Restate word for word the lines of the material below, from the line with "60. Spicy Salmon" to the line with "En toda decoración", both lines included, and no others.

■ **Supplied information**
================================

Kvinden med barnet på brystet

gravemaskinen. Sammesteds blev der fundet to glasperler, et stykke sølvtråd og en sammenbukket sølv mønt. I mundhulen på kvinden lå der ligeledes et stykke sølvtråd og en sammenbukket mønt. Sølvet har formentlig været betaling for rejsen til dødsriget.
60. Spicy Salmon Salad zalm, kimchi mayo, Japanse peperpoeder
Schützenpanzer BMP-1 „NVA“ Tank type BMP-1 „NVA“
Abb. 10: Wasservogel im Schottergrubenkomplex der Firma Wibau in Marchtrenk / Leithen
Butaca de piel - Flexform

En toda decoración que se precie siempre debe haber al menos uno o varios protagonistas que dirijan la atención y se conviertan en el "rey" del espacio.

================================

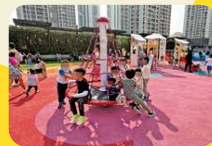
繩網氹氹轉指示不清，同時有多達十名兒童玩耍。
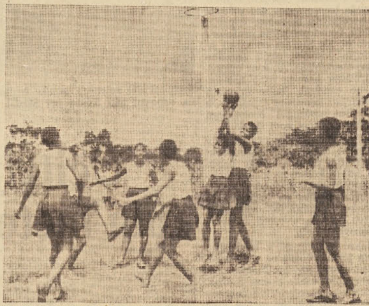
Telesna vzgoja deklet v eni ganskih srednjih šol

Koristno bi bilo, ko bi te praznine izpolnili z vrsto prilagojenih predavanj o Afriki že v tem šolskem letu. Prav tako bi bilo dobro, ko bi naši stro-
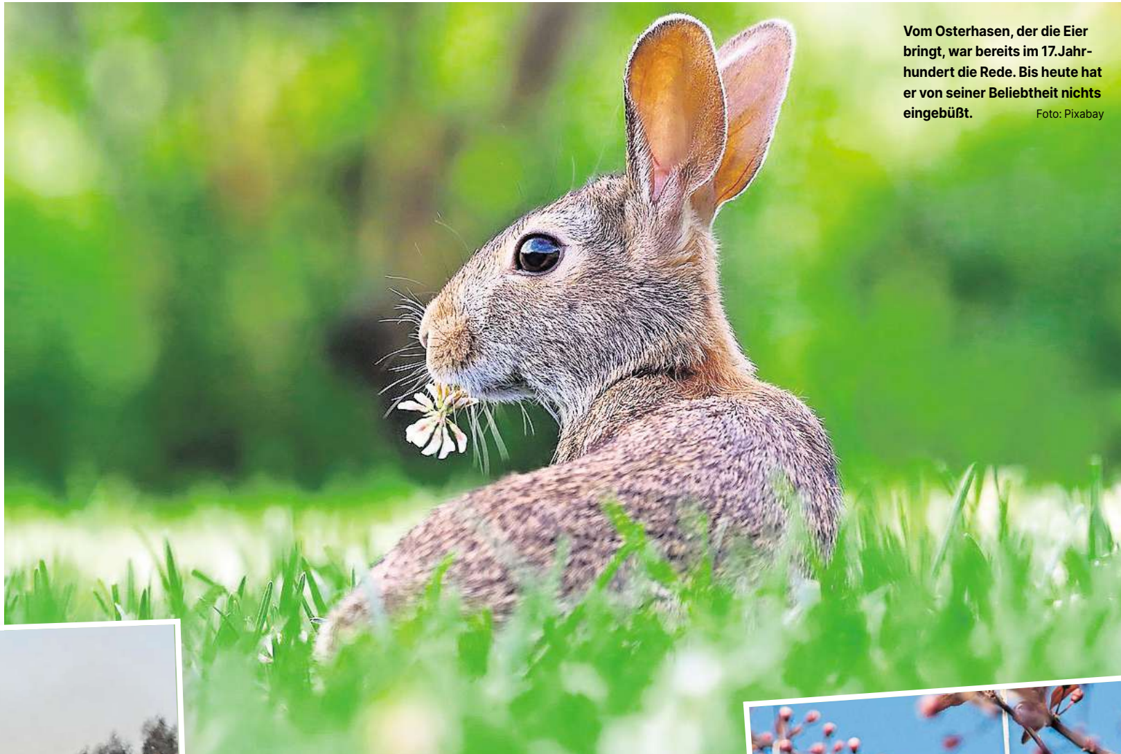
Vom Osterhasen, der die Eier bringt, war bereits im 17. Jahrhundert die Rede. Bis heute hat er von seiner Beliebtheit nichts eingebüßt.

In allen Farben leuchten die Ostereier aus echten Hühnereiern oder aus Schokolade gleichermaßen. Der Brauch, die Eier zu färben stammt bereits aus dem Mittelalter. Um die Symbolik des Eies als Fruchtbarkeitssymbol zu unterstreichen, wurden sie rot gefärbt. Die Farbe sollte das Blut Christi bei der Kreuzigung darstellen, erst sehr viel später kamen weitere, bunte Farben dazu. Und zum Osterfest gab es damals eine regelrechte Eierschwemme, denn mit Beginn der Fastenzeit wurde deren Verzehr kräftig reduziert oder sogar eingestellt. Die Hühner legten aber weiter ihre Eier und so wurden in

================================

■ **Exercise output**
60. Spicy Salmon Salad zalm, kimchi mayo, Japanse peperpoeder
Schützenpanzer BMP-1 „NVA“ Tank type BMP-1 „NVA“
Abb. 10: Wasservogel im Schottergrubenkomplex der Firma Wibau in Marchtrenk / Leithen
Butaca de piel - Flexform

En toda decoración que se precie siempre debe haber al menos uno o varios protagonistas que dirijan la atención y se conviertan en el "rey" del espacio.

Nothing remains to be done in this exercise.